Knots and Splices

This is my list of knots and splices I use.

There are over a thousand knots uniquely identified - so my list is a selection list of just the knots I find useful in steel construction.

Whereas there are very few splices and I use just about all of them.

A point I have never met but it could be important to some users - both ropes and braids can be knotted using identical knots, whereas the classic splices are only applicable to 3-strand rope.

The knots have a thousand and one uses in any number of impromptu occasions. Whereas the splices are the stolid workhorses of the familiar scenarios.

The knots

Stopper knots

"Parcel-tying" knots

Loop forming

Hitches

Subsections within the category of hitches:

"Tying-off" - anchoring a rope to something

"Tightening around something" hitches

Only to be used around fairly simple shapes - tubes and square-sections and essentially cylindrical objects - but endlessly useful.

"Axial load" hitches

For when the pull is along the length of what the rope is knotted around.

Bends

For joining ropes end-to-end. Joining ropes end-to-end is easily done with a "short-splice" which is stronger, more secure and small (doesn't get caught on objects it's passing) - so less used. Except in an emergency, in the dark - keep them practiced!

"Rope-shortening"

The Splices

Back-splice

For stoppering the end of a rope, so it doesn't fray - and can be pushed through small openings without snagging. With polymer ropes, the ease with which you can melt the end of the rope with a small butane lighter and pinch it to a neat end seal is fine - until you are on a scaffold several storeys up on a building in a high wind with a dirty and wet rope... Then you do want a back-splice!

Short-splice

The general-purpose way of joining ropes together end-to-end to give effectively one long rope. Two main uses I meet:

When manually rope-hoisting up several floors height, can join ropes to make the length required. And easily inspected at a distance for this critical task - as though the splice(s) are small, you can see where they are and their simple cylindrical shape is easy to verify at a distance.

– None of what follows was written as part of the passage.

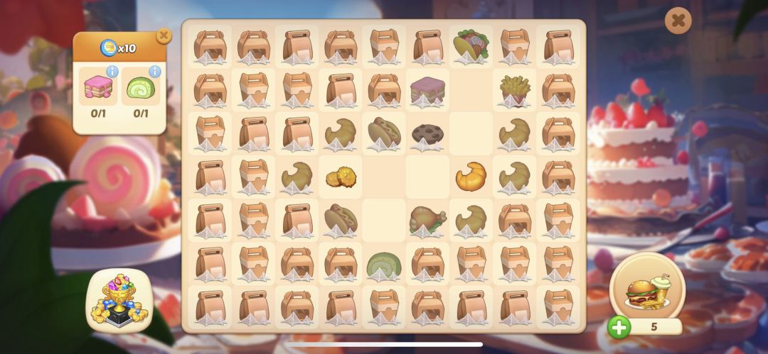 - 点击右下角的美食道具,获得可可爱爱牛角包(或小饼干),将牛角包移动到被封印的牛角包上即可合成粉色夹心蛋糕,点击左侧任务面板即可提交完成任务。

For joining the two ends of a rope together to make a ring of rope - a "strop". Easy to make and endlessly useful. For carrying things, the bigger-diameter region of the short-splice rests comfortably over the shoulder - and putting equal weights on each shoulder makes for carrying a lot of equipment and material with very limited demand on the body. Make strops to exactly the lengths required. Can strop-hitch around handles of equipment to rest on shoulder (load near body-centre) rather than carry by the handle (painful). Then bundle your overalls, high-vis. jacket, etc, together hanging from your shoulder to go home (constrictor knot, which you can form in an endless rope, grips the bundle into a tight package).

Eye-splice

Forms an "eye" (small loop) for attaching a rope to things. Very high strength - makes an end termination which is no less strong than the rope itself - a remarkable property.

Right-angle splice

* less used * Joins a rope in at right-angles to one passing by. One use for this is forming a branching 6mm rope "tree" for tying-off tools (clove-hitch or constrictor-knot) when working on a tower. The "root" of the "tree" is tied to a pole of the tower. So the tools can still be used easily, but you cannot drop them to the ground, nor can they fall off the platform when you are moving the tower.

Long-splice

* less used * Joins two ropes end-to-end and the join region is barely larger diameter at any point than the ropes being joined. Classic use was joining ropes which had to go over pulleys, but no use of block-and-tackle on construction sites for decades now. Keep it practiced just for the sake of honouring old traditions. Can't easily see where the splice is, is less obvious construction to inspect and is less strong than a short-splice, so wouldn't use it for splicing ropes together where a short-splice is fine. But you never know - you might need a belt of some kind (join a rope's own ends together), or something like that, then you'd be the hero of the moment...

Grommets

In a few narrow circumstances, can be very useful indeed if you need short specific-length strops. A grommet is a ring of rope formed by laying back on itself 3 times in a circle just one strand taken from length of (3-strand) rope. In factory work, if the hoist is on a gantry (frame) giving very limited head-room, can be used to form an electrically insulating break when welding a component "on the crane" ((part) suspended from the crane), without "wasting" hoist height with an over-long commercial sling.

This example is so specific that it makes the general point - keep all these skills practiced - the number of ways they prove useful never ceases to amaze. The number of "difficult" jobs where you can conjure-up a secure, safe, completely-controlled solution will always advantage a practiced rope-user.